Horst Mahler lebensgefährlich erkrankt – JVA Brandenburg verhängt Kontaktsperre

Horst Mahler, 79, wurde am vergangenen Dienstag, dem 29.06.2015 mit schwersten, akut lebensbedrohlichen gesundheitlichen Problemen von der JVA Brandenburg, wo er im geschlossenen Vollzug eine mehr als 10-jährige Freiheitsstrafe wegen Volksverhetzung und Holocaust-Leugnung absitzt in das der JVA benachbarte Asklepios Klinikum eingeliefert. Zunächst bestand Verdacht auf einen Schlaganfall. Es stellte sich jedoch heraus, dass er an einer schweren Sepsis leidet. Er wurde sofort auf die Intensivstation gebracht, da akute Lebensgefahr bestand. Sein Zustand konnte zwar stabilisiert werden, die gegebenen Antibiotika hatten nach 24 Stunden eine leichte Besserung der Blutwerte bewirkt, der Gesamtzustand blieb aber weiterhin kritisch.

Die leichte Besserung wurde von der Anstaltsleitung der JVA zum Vorwand genommen, Mahler am gestrigen Donnerstag aus dem Asklepios Klinikum in die sog.
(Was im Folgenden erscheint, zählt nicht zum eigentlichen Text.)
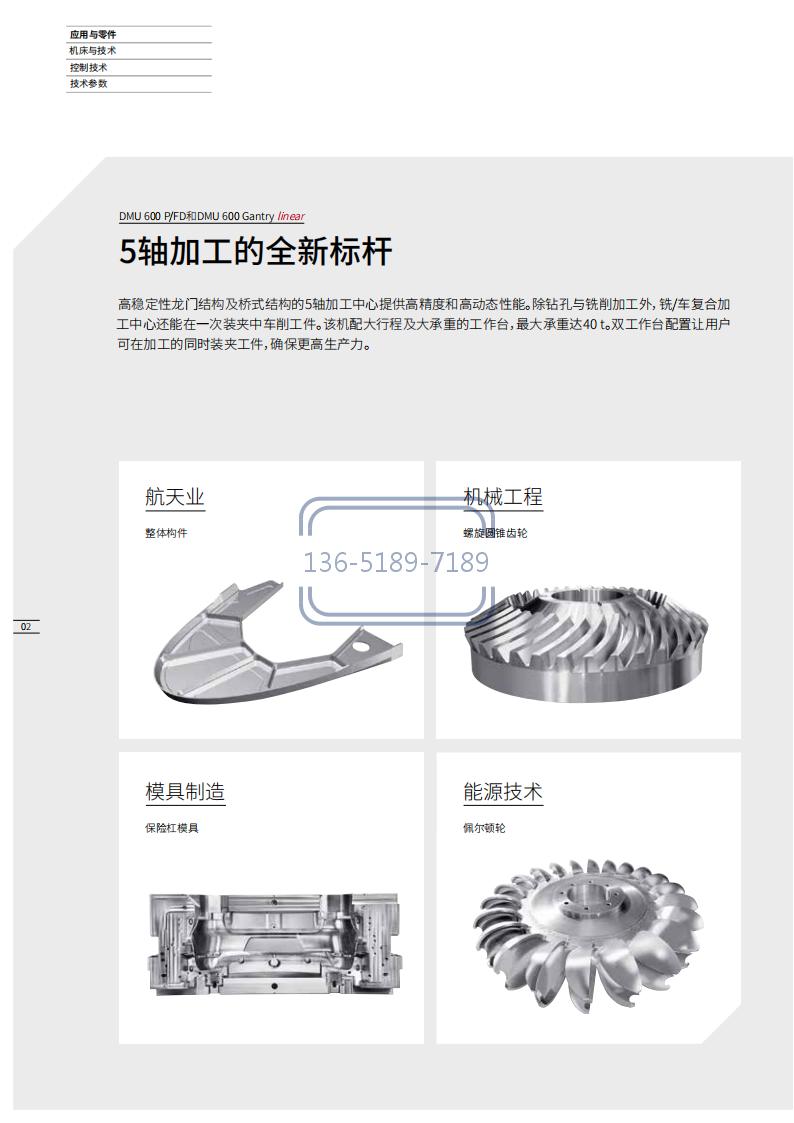 ?产品与技术:? 公司产品线包括车铣复合机型、五轴联动机床等高精度设备,例如DMU系列加工中心具备高刚性结构和先进冷却系统,精度可达0.01毫米;数控系统多采用西门子或海德汉技术,支持复杂工件加工。?14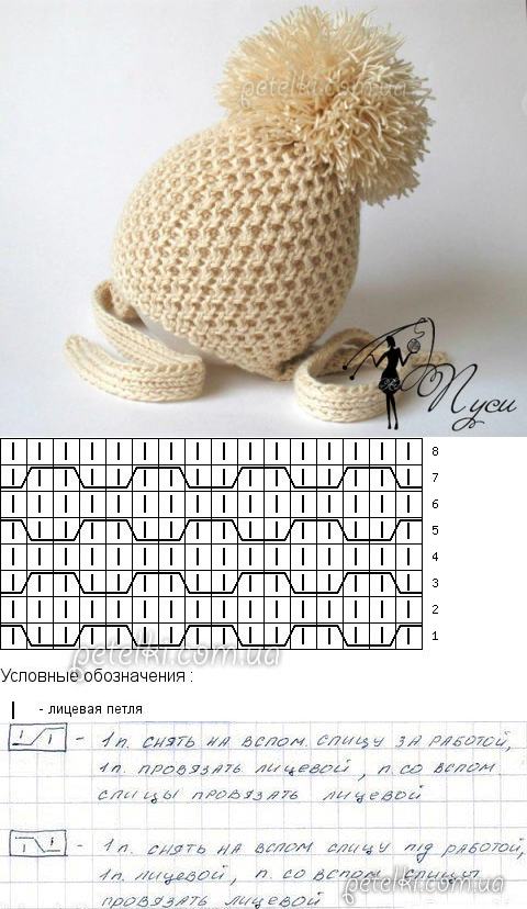 ![Вязаная шапка с помпоном спицами схема и описание]()
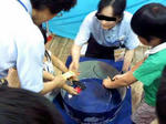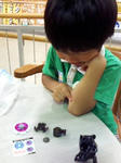 午前中、アピタのベイブレード大会へ参加。 アピタに着くと、オモチャ売り場では既に人混み。 ベーブレード商品も大量に入荷。 昨日買いに行かなかったランブーライトvol.3も有り。 (今日の大会にあわせての陳列っぽい。) (ベイポインターなんかもウジャウジャ残ってる。品薄はやはり解消?) お金もないので、ランブー3を一個のみ購入。 休憩所で早速開梱。 homaが選んだランブー。 さて~。 ナニが出るか!? 出た!クレイアリエス! 新トラック”ED145”とピンク(紫?)のクリアウィールにhomaもついウットリ♪ 珍しいくらいのヒキ! そして大会! 32名参加のトーナメント。事前申し込み。 ルールは・・・一番前にいたけど、よくわからない。 (ppがこんなんだから、強くしてもあげれないのね。) ★一回戦開始。 いきなりhomaの試合! 相手は・・・haruちんくらいの女の子。 え?と思いつつ、持ってるベイを見て2度ビックリ。 紫リブラ。グハッ。 1回目○ 持久勝ち。 2回目○ 相手のシュートミス。 勝った?と思ったら、 3回目。?3回先に勝った方が勝ち?ん? 3回目× homaのシュートミス。 4回目× 持久負け。 あらら。。。 大会の様子。 5回目 リブラぐらつくも、僅差で持久負け×。 ↑戦績書いたけど・・・ なんか、フライングとか後出しとか色々あって、 実際何回戦ってるとか、どれが有効な勝負なのかppには良くわからず。 3歳くらいの女の子に・・・嗚呼・・・実力負け・・・orz。 まあとにもかくにも、2大会目の結果は1回戦負け。。。 リブラってホントに強いノネ。あの女の子も。 homaちん、負けた直後は悔しそうだったけど、 クレイアリエスが当たった事と、参加賞の145トラックが貰えたのがウレシかったよう。 (先の景品、オレンジレオーネはトラック/ボトム無しだったので、トラックが1つ不足してマシタ。) 今後の大会どうしようかなあ。ppは・・・もう満足。

Bettenabteilung des Haftkrankenhauses der JVA zu verbringen. Dieser drastische Schritt kam für seine Familie völlig überraschend. Im Asklepios Klinikum war es den Familienangehörigen zunächst möglich, ihn ohne bürokratischen Aufwand mehr oder weniger spontan auf der Intensivstation zu besuchen.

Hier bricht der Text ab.